The sharp increase in the number of precarious workers tends to push wages down. Hourly compensation in the private sector fell by 9% between 1997 and 2017. The level of pensions is also falling. From 2004 to 2016, the amount of retirement allowance for a couple decreased by 5% in absolute terms.
Infrastructure

The country has one of the most efficient transport networks in the world, with almost all of its territory accessible by public transport. This ease of movement has contributed to the economic and demographic development of the country.
In Japan, the railway is the main means of passenger transport: the network of trains, subways and bullet lines (Shinkansen) is dense and very efficient. It is complemented by local bus networks, both in urban and rural areas.

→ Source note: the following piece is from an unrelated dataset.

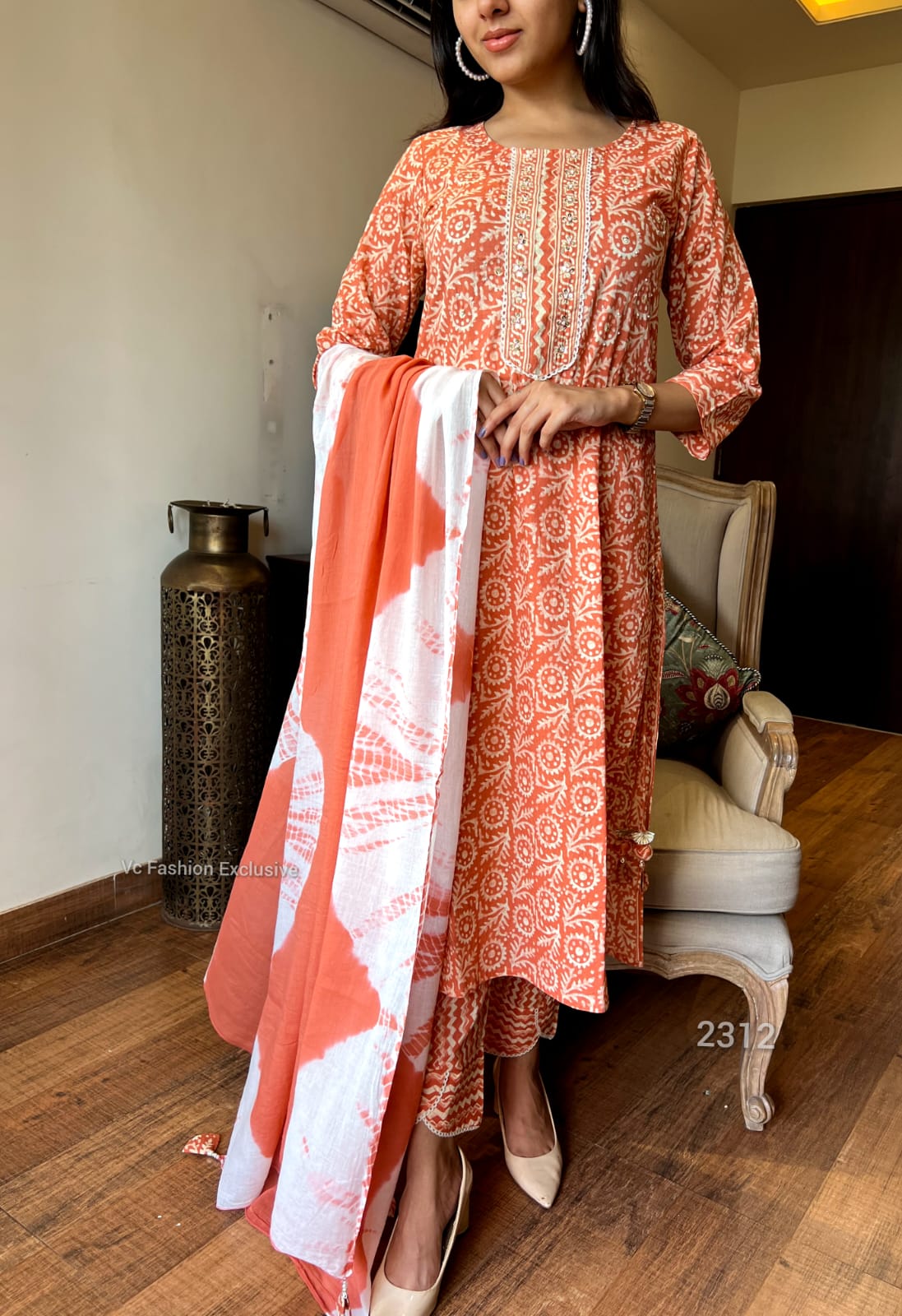 Step into vibrant grace with our "Rust Radiance" Cotton Suit Set β a charming ensemble designed to elevate your ethnic wardrobe. The kurta flaunts a captivating ethnic block print in soothing rust tones, delicately adorned with intricate thread & gota patti detailing at the front yoke. The standout feature is its unique zigzag-printed pants and the bold tie-dye dupatta that adds a splash of contemporary flair. Made with breathable cotton, this outfit ensures comfort without compromising on charm β ideal for all-day wear. π«

Japan’s road infrastructure is well maintained and effectively covers the entire territory, down to the most remote mountainous areas. The highways are numerous, well-maintained, and punctuated by gigantic rest areas called Service Areas. These areas include restaurants, and sometimes free internet access or showers. There are also projects to duplicate major roads through the mountains (a project called Japan Corridor).
Japan also has the second-largest commercial maritime fleet in the world (see previous chapter).
The air transport network is very modern, with two airlines: Japan Airlines and All Nippon Airways.
The average download speed is 14.54 Mbps in November 2011, the ninth highest in the world.
Tourism
In 2019, tourism in Japan reached record figures with more than 32.5 million foreign visitors. In 2017, Japan ranks 16th in the world and 5th in Asia in terms of welcoming international tourists.
In 2017, the top ten countries of origin of tourists were:
- China (7,355,818 visitors)
- South Korea (7,140,438 visitors)
- Taiwan (4,654,053 visitors)
- Hong Kong (2,231,568 visitors)
- United States (1,374,964 visitors)
- Thailand (987,211 visitors)
- Australia (495,054 visitors)
- Malaysia (439,548 visitors)
- Philippines (424,121 visitors)
- Singapore (404,132 visitors)
Science and technology
Considered one of the most advanced countries in the world, Japan is a driving force in scientific research, especially electronics, machine tools and medical research. Nearly 700,000 researchers share a budget of US$130 billion allocated to research and development, the third largest in the world. For example, some of Japan’s largest contributions to technology are in electronics (Sony, Panasonic), automotive (Toyota, Honda), machinery (Brother), earthquake-resistant construction, industrial robotics (SoftBank Robotics), optics, chemistry (DIC Corporation), semiconductors (Tokyo Electron), algae fuels (Euglena) and metals (Nippon Steel).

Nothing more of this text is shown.